FERPA, the 1974 law that governs student information, includes an exemption that allows schools to identify data as “directory information.”
That material then can be disclosed to outside organizations without explicit permission from parents or students.

— Cheri Kiesecker, Parent Coalition for Student Privacy, Colorado.
Photographs, Too
Under FERPA, images and photos are personally identifiable information that could be included as directory information. Photographs are a common disclosure, said LeRoy Rooker, senior fellow with the American Association of Collegiate Registrars and Admissions Officers, because they could be used for a school annual or sporting event.
However, a new World Privacy Forum (WPF) report shed light on concerns related to how photos and other pieces of identifiable information that can be released under directory information may be made available and used.
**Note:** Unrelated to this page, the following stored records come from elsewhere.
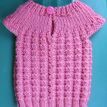 Intermediate. A sweet little short sleeve sweater closed with a single top button.
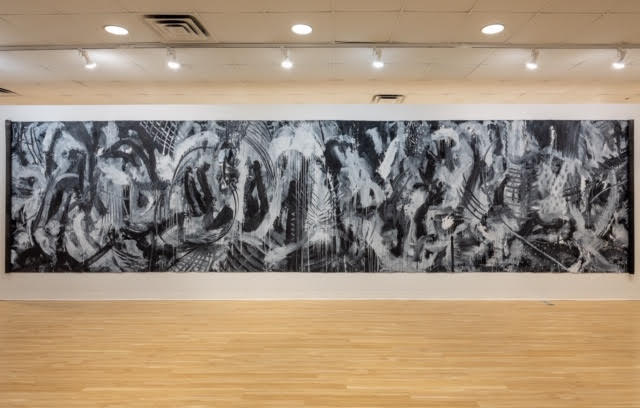 In response to this particularly idyllic site, Chen challenged himself to create a large cycle of paintings in an unusually exuberant monochrome – a radical departure from the opulent, expressive colors that had characterized his practice to date. The resulting works – sweeping abstractions occasionally punctuated with punky icons and figures – were an attempt to reconcile controlled calligraphic energy with the destructive charge of graffiti, according to the artist. To set the tone for the installation, Chen had imagined the moment after Houyi (a heroic warrior from renowned  Chinese myth) had shot down eight out of the nine suns that wreaked havoc on earth; the dead among them resumed their original form as three-legged crows, and life began to rebuild on scorched land. This moment is at once eschatological and hopeful, which makes it eerily relevant to the magnitude of change that defined the tumultuous chapters of Chinese history since the late 19th century. Many of these chapters are evoked in the very site of the Yeh Art Gallery: the colonial invasions beginning in the 19th century; the 1911 Revolution led by Sun Yat-sen, et al; the Sino-Japan Wars; and the alliance and struggles between the Chinese Communist Party and the Nationalist Party (KMT) that foreshadowed the current geopolitics of Taiwan. At the same time, the utter totality of mythological disasters increasingly parallels that of the current COVID-19 pandemic, which halted the exhibition itself, halfway into its three-month run.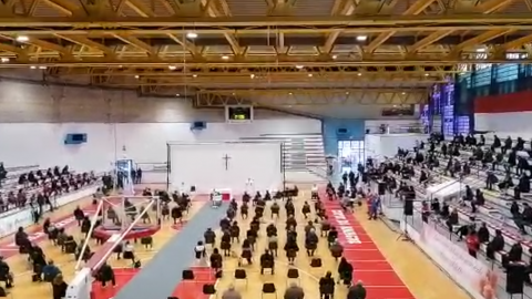 Centinaia di drappi bianchi hanno accompagnato Asia nel suo ultimo viaggio, verso il palazzetto dello sport di Anagni, dove è

According to a U.S. Department of Education spokesperson, “Congress included the directory-information exception under FERPA to allow schools to make disclosures of the type of information not generally considered harmful or an invasion of privacy, such as information that would normally be found in a school yearbook or directory.”
The WPF report, released last month, raised concerns with how yearbook companies were using student data after obtaining it from school systems.
For example, yearbooks have been using facial-recognition technology to search old yearbooks, and some are using this technology with current student photographs.
Facial-Recognition Exemption
According to the WPF study, while data that schools hold is regulated under FERPA, facial recognition that yearbook companies do may not, depending on implementation.
Then, concerns arise about how yearbook companies use the data once they have completed a yearbook. Schools may think the data is trashed, but that may not be the case.
“Data is valuable,” Kiesecker told Digital Privacy News. “The repurposing of data is no longer safe.”
Also, when student images are included under directory information, it leaves student materials up for data-scraping.
The WPF identified that facial-recognition companies can target school web sites for scraping. Once that information is scraped, Kiesecker posed, “How much of that data is being used to sell to colleges or future employers or data brokers?
“In the 1970s,” when FERPA was created, Kiesecker told Digital Privacy News, “we didn’t think about how school photos could be attached to artificial intelligence.”
Now, risks abound for misuse and repurposing of data that didn’t exist, even a few years ago.
“So many schools have the best interest of kids at heart,” said Kiesecker, “and they don’t understand how the data could be used.”
Samantha Cleaver is a writer based in Charlotte, N.C.
Safeguarding Digital ‘Footprints’
In addition to opting out of providing your child’s directory information data, the World Privacy Forum recommends taking these other steps:
- Ask your child’s school not to designate photos as directory information. Schools then gain more control over how data is shared and used. Obtaining consent before using facial-recognition technology is preferable.
- Encourage your child’s school to write its contract with the yearbook company so that the photos are used for the yearbook and nothing else.
- For images included on a web site, schools can include “anti-scraping” tools or image-clocking techniques that prevent them from data-scraping.
- Schools should avoid posting photos of students on public websites that can be scraped. Images should be emailed to parents or put on password-protected pages.
Cheri Kiesecker of the Parent Coalition for Student Privacy in Colorado advises encouraging your child to think about their data footprint. For older students, help them think through what directory information is being released and why, and how they can manage their personal data footprint.